Whether natural resources are a blessing or a curse for a country is still debated among economists. Economic research is inconclusive (Collier 2010, p.39). It shows that resource-dependent countries grow slower on average, but this is due to outlier countries that grow fast and eventually move out of resource-dependence. Research also shows that natural resources tend to reduce the overall national economic output – countries end up producing less than they otherwise would have, even if what they produce – resources – is worth more. Overall, natural resources can help countries grow out of resource dependency, but they more often trigger an economic decline in other sectors of the economy.

The resource curse is not inevitable. Malaysia used its earnings from resource exports to diversify its economy. Botswana used its diamonds to become the fastest growing economy in the world. What needs to be understood is that the resource curse is optional – the consequence of policy errors.

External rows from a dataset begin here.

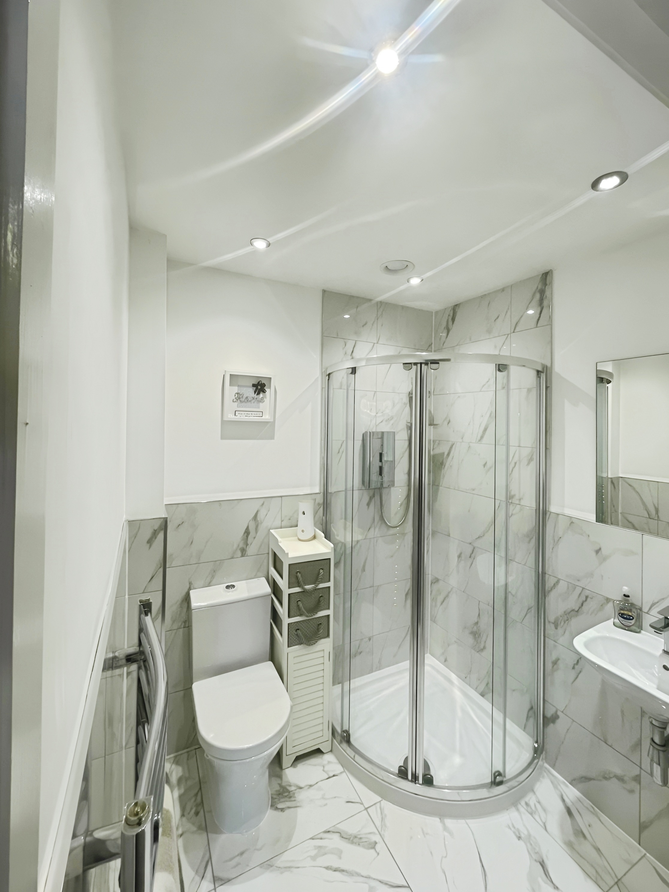 Upstairs, there are three generously sized double bedrooms, each with built-in storage, along with a contemporary family bathroom featuring a shower over the bath. The property also benefits from generous storage on both floors.
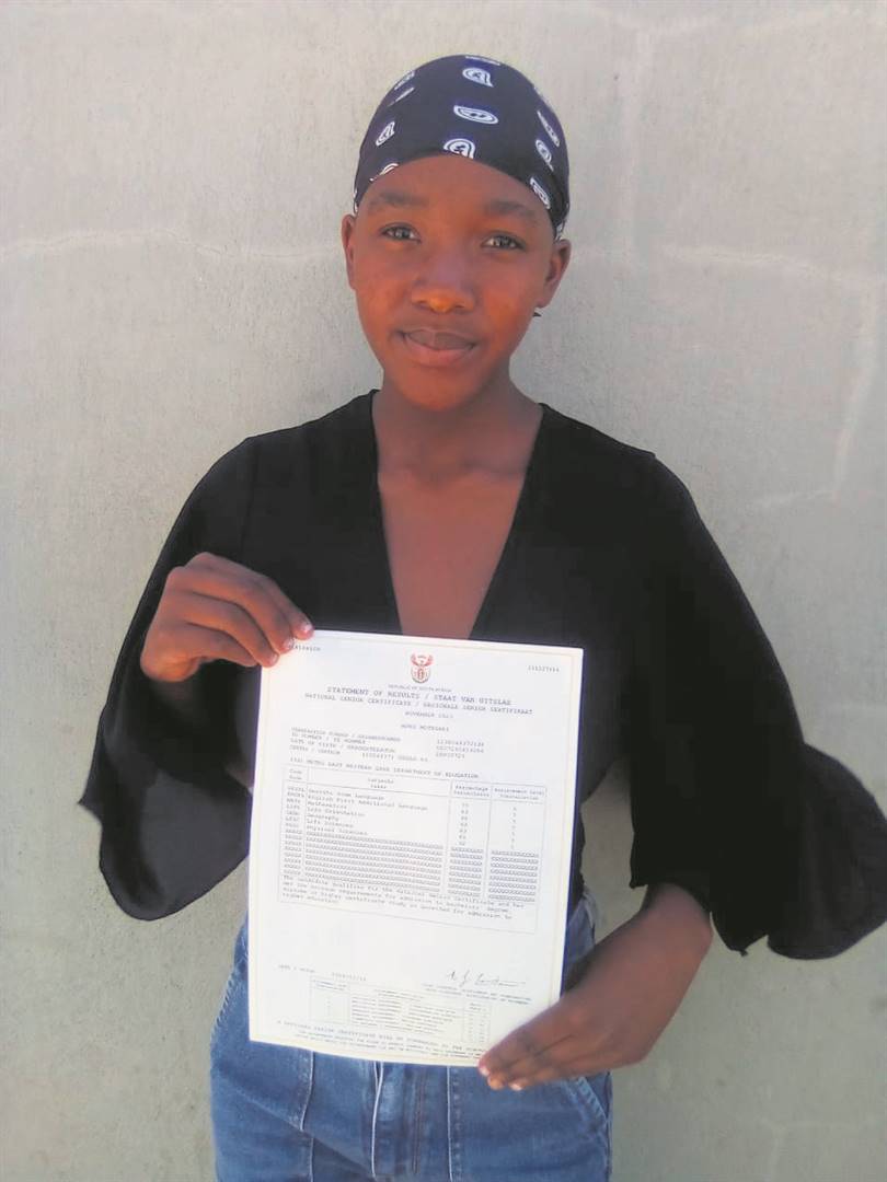 Inga Mhlauli(18) carrying his certificates.
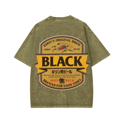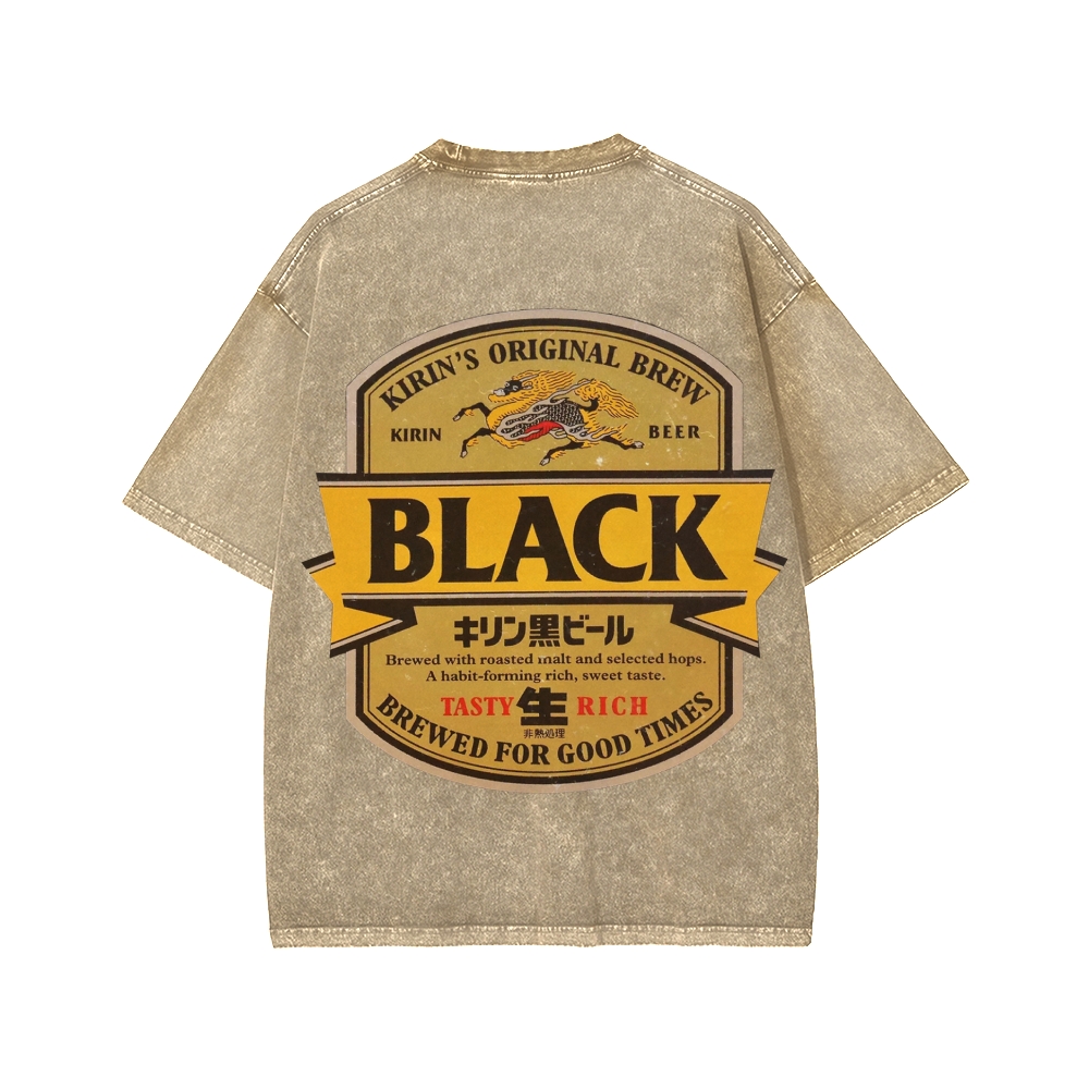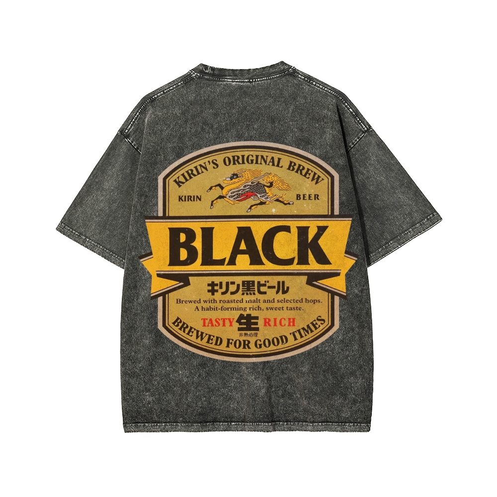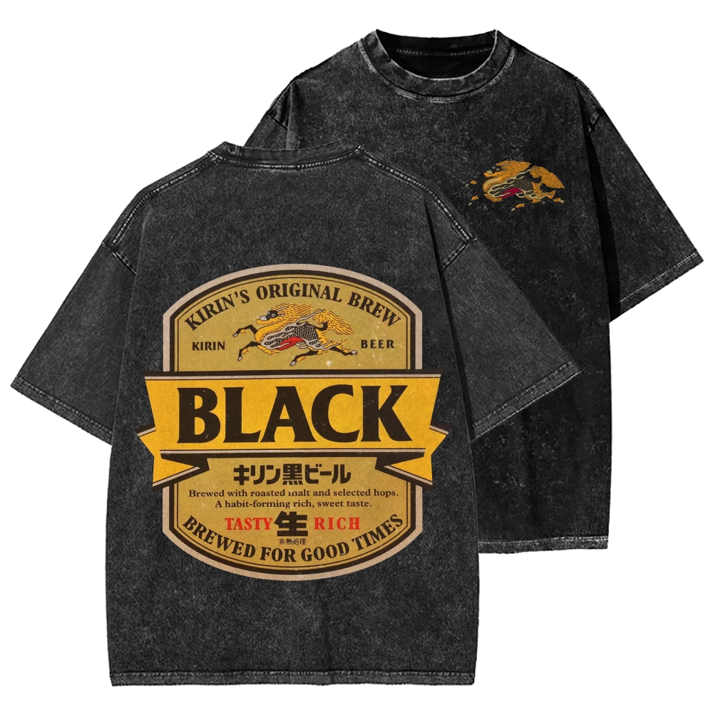 Tokyo-Assassin Kirin Black Beer Front And Back Printing Washed T-shirt
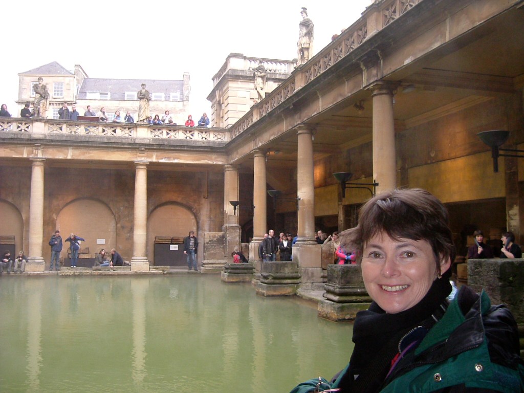 The tourist bureau provided us with a list of what to do and see and of course the Roman Baths were first on the list. At £9 a head we thought it was expensive but we were given a personal audio guide to accompany us on our tour. Aquae Sulis, as Bath was known by the Romans, flourished between the 1st and the 5th centuries AD. The baths were rediscovered in 1878 and pseudo Roman columns and observatories were added to “enhance” the ruins. In recent times many Roman artifacts have been excavated and put on display. I was curious to know where the people of Jane Austen’s time would have bathed and discovered that in the 18th Century the Pump Room was where one could buy warm mineral water by the glass. Immediately underneath the windows of the Pump Room was the King’s Bath, a giant communal cistern where patients sat in a bath with hot water up to their necks. Men wore brown linen suits while women wore petticoats and jackets of the same material.
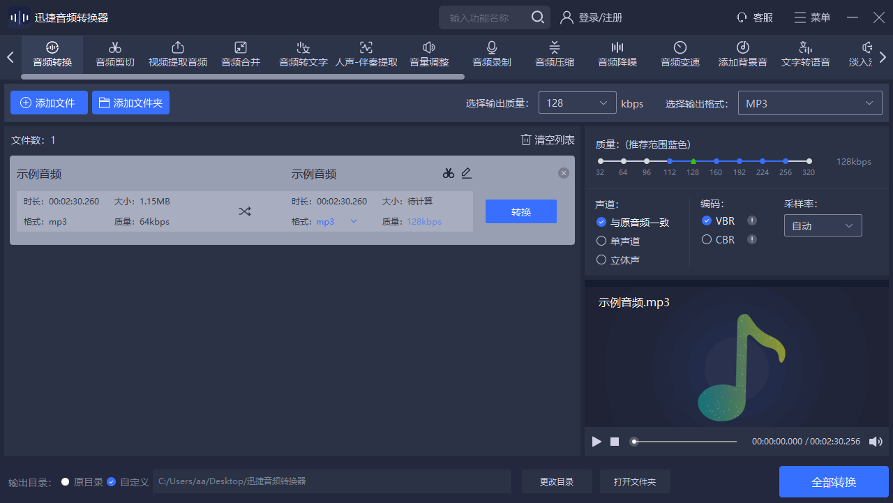 它支持 MP3、WAV、FLAC、AAC 等多种音频格式之间的转换,同时还带有音频剪辑、合并、提取等功能。
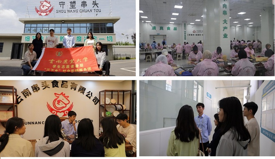 乡村有着丰富的旅游资源,依托乡村生态资源和文化资源发展起来的乡村旅游是乡村特色产业的重要组成部分。8月20日,实践团前往八仙营中共党史学习教育基地进行参观学习,深入了解守望乡与人民解放军第四十三师的深厚历史渊源与感人至深的革命故事。在守望乡党委领导的陪同下,访客们参观了八仙清真大寺与四十三师指挥部旧址等历史遗迹,并在云南串头食品有限公司实地考察了牛肉加工产业链的发展现状与市场前景。在党史学习教育基地内,一幅幅珍贵的历史照片与翔实的史料资料让同学们仿佛回到了那个烽火连天的革命年代,深切感受到了革命先烈的英勇无畏与无私奉献精神。在八仙清真大寺的庄严氛围中,访客们聆听了关于四十三师英雄事迹的生动讲述,内心充满了对革命先烈的敬仰与缅怀之情。在云南串头食品有限公司的实地探访中,我们深入考察了昭通小肉串的手工腌制生产线。该公司秉持着严谨的质量管理体系,坚持将产品质量视为生命线,其全手工穿制生产线更是彰显了对品质的极致追求。在与串头公司马经理的深入交流中,我们得知,该公司的小肉串系列产品已远销至全国19个省市。实践队对当地牛肉产业及烧烤产业的蓬勃发展态势,充满了坚定信心与深切期待。此次学习,我们深刻领悟到了“牛肉原产地特色+原材料加工”这一核心发展模式的重要性,它有力地推动了第二产业对第一产业的发挥积极带动作用,为实现农业与工业的融合发展提供了宝贵经验。
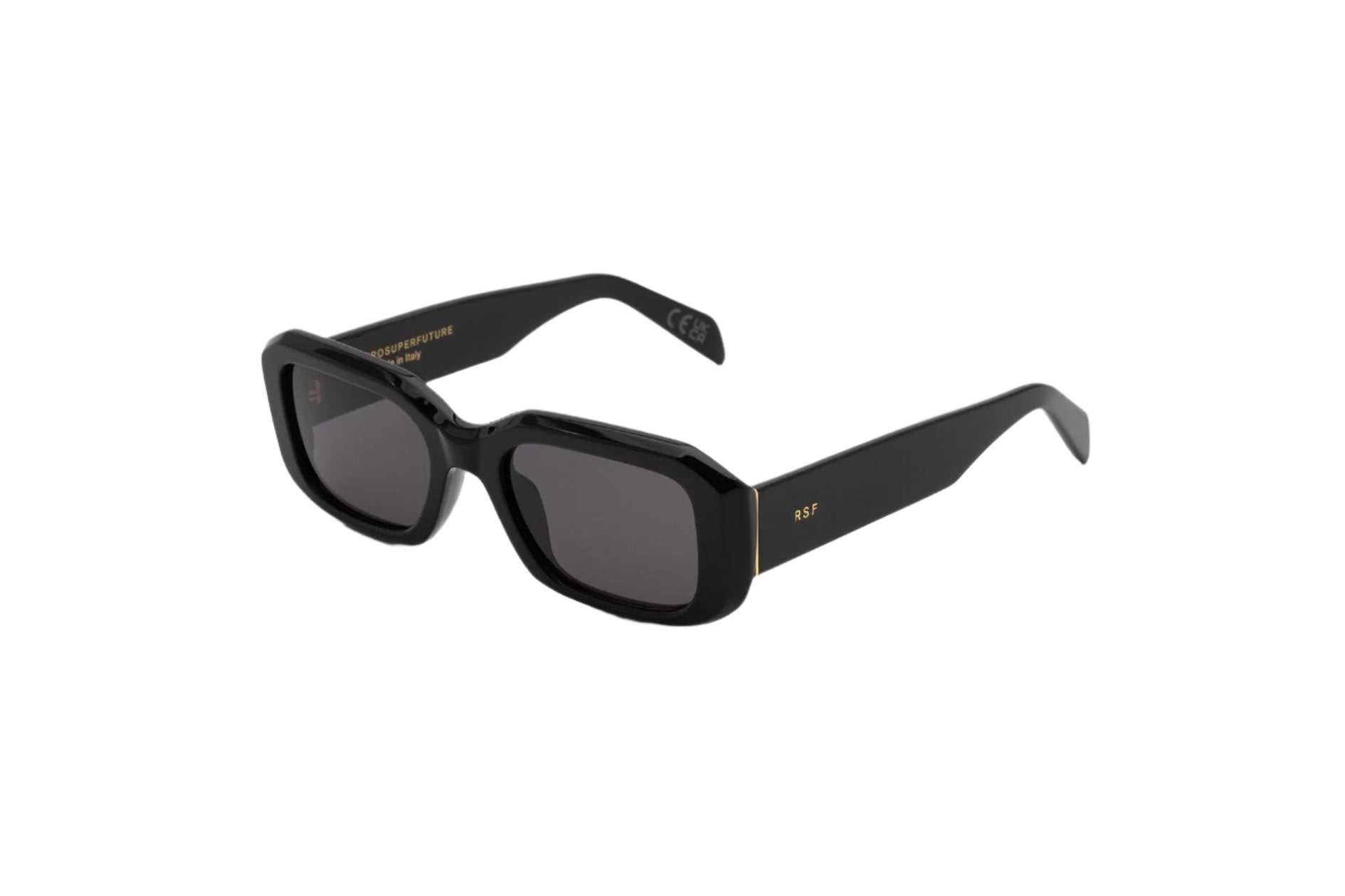 A contemporary, sleek shape with wide semi-flat lenses, chiseled rims and thick temples.
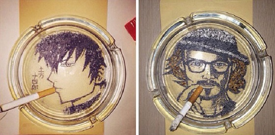 Японский пользователь социальных сетей Shinrashinge, известный под ником shin_geki, занимается созданием незатейливых рисунков, используя при этом оригинальный материал. Все свои работы он делает из сигаретного пепла.
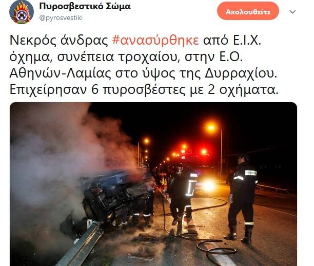 Νεκρός άνδρας #ανασύρθηκε από Ε.Ι.Χ. όχημα, συνέπεια τροχαίου, στην Ε.Ο. Αθηνών-Λαμίας στο ύψος της Δυρραχίου. Επιχείρησαν 6 πυροσβέστες με 2 οχήματα. pic.twitter.com/AWg12GlUcV

Properly managed, resource-driven development is the best growth opportunity for many favourably endowed African countries.

Known subsoil assets in sub-Saharan Africa are of about USD 45,000 per square km. As a comparison, known subsoil assets in the OECD at of USD 265,000 per square km.1 Despite these figures, Africa generally has the reputation of being resource-rich and it might well be. Indeed, what the above figures reflect is not Africa’s poor resource endowment, but rather the low intensity of prospecting that has taken place on the continent so far. By definition, undiscovered resources cannot be ‘known’, but a reasonable assumption over such a huge geographic area such as that of sub-Saharan Africa is that it has about as much natural resource wealth per square km as OECD countries, which have been more thoroughly prospected. What the figures above imply is that most of Africa’s subsoil assets have yet to be discovered. The potential revenue generated by those natural resources is enormous and represents a much needed inflow into national budgets. For this reason, we claim natural resources have the potential to be transformational for African economies.


Key message 2 – Governments need to get their natural resource management policy chain right

Getting natural resource management policies right is more important than in any other domain of policy. Unfortunately, most countries get it wrong. In order for there to be a viable framework for the exploitation of natural resources, several interdependent decisions have to be implemented. Figure 1 below demonstrates our understanding of the key component, all of which need to be developed in order to turn resources into sustainable revenue.

The chain below represents the natural chain of events in the discovery process: Natural resources are discovered, then exploited, and then taxed. The government prepares the investing environment, and then uses much of the revenues it receives to scale up domestic investment. While we show this as a linear decision process, we realize that, in fact, efforts need to be put on various fronts simultaneously. When strong policies in all or most of these NRM policy areas are present and implemented, we can say there is good governance of natural resources. Each of these poses substantial challenges.



Countries typically under invest in prospecting. Because of the political risks surrounding prospecting, private companies have not invested enough in searching for resources. This is why so little of Africa’s likely sub-soil endowment has been discovered. When prospecting is left entirely to private companies the government is placed at an informational disadvantage – companies can take advantage of the fact that they have more and better information about the mine than the government. Companies can thus under report the amount and value of the resource exploited, and they can also get resource exploitation rights for a lower price.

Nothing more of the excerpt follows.